In recent time, EFCC and Agbakoba have been at loggerheads over an alleged fraud case linked to Ali Bello, identified as a nephew of Kogi State Governor, Alhaji Yahaya Bello.

On 15th December 15, the EFCC arraigned Ali Bello and one Dauda Suleiman on a 10-count charge bordering on alleged misappropriation and money laundering.

The anti-graft agency alleged that the duo, alongside one Abdulsalami Hudu, a cashier at the Kogi Government State House who is now at large, withdrew N10.2 billion from the state’s treasury for personal use.

At a media briefing on Thursday, Agbakoba said that the EFCC has no constitutional right to probe how a state spends its money, adding that only the Independent Corrupt Practices and Other Related Offences Commission and state assemblies have the responsibility to probe state expenditure.

But EFCC said that Agbakoba was casting aspersion on the commission’s commitment to tackling corruption.

The SAN said that the anti-graft agency is performing the same duties as the police SFU.

He said that since the EFCC is an agency of the Federal Government, it does not have the power to prosecute offences under the purview of state governments.

“So, the question would be, if the EFCC is created by the Federal Government can it then prosecute state offences”? he asked, adding: “The Supreme Court, in many of its decisions, has held that federalism means two autonomous and independent governments, and if that is correct, the EFCC does not have the right to go to the state and examine their accounts.

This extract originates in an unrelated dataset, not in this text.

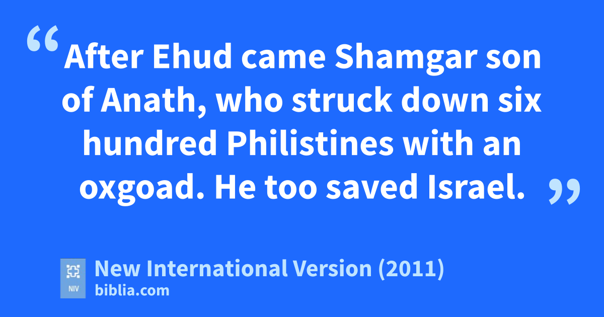 31 After Ehud came Shamgar son of Anath,o who struck down six hundredp Philistinesq with an oxgoad. He too saved Israel.

“Anybody can read Section 46 of the EFCC Act and Section 36(12) of the 1999 Constitution. Section 36(12) states that all offences must be defined and when you now read Section 46, you ask yourself if it complies with Section 36(12) because it does not.

“So, part of the prayers I would seek in court is that EFCC ought not to exist in the first place because it is not a branch of the police and that the job done by the EFCC is the same one being done by the Police Special Fraud Unit.

“My other prayer would be whether the national assembly can make laws for the federation and to what extent can the national assembly, which is an arm of the federal government, make laws authorising a federal agency to exercise powers as if it were a state agency.

“So, all these contradictions should make the presidential candidates tell Nigerians what they are going to do about the constitution because it is defective”.

Agbakoba said that he has nothing personal against the anti-graft agency and that he is ready to engage EFCC Executive Chairman. Mr Abdulrasheed Bawa “on the issue”.